Death rate as a proxy for median lifespan

The mean age at death is the sum of ages-at-death divided by the number of subjects. Using the mean requires you to wait until the last one dies, which is alright for worms who live for weeks, but a human may live decades, so progress of these tests will be very slow.

Using the median -- half live longer and half less -- will speed things up. (The median of this series is 9 -- 6,7,8,9,11,12,14.) A human at 80 has a life expectancy of 8 years, so using this measure is better than waiting decades. But it still requires waiting 9 years.

Using a death rate and comparing it to a standard one (or that of a control group) may give results in just a couple of years. (Wait the first year for the treatment to have an effect and measure the death rate in the second. The standard equation, a smooth line,  lets you calculate the median. Note that the standard death rate doubles for humans in about 7 years.) But does the rate for test subjects follow the normal curve? For example, all the test subjects might drop dead in the third year, or they might have a low rate in the second year but rise after that to the control rate (regression to the mean). How can we find out?

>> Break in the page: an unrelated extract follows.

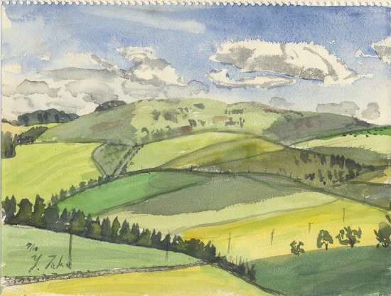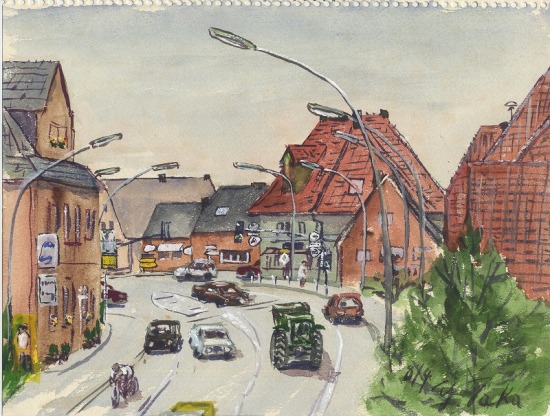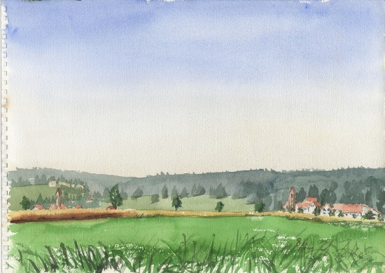 シュナイダー家での2泊目の朝、昨日同様に近所でスケッチをした。畑の中でのスケッチ。

There have been many tests done on worms, fruit flies, mice and people, using many drugs. Are the death rates for most of these "standard" or "non-standard"? Has there been a study? If they are all standard we can assume a new drug test is standard and see whether it's doing any good rather than waiting for everyone to die (for calculating the mean) or half the tested to die (for the median). If we can measure the death rate in two years instead of waiting 9 or more for a median we can save decades on human tests. So – have these analyses been done? Do the death rates for most of the tests follow the curve? Can you refer me to a study?

Alan Mole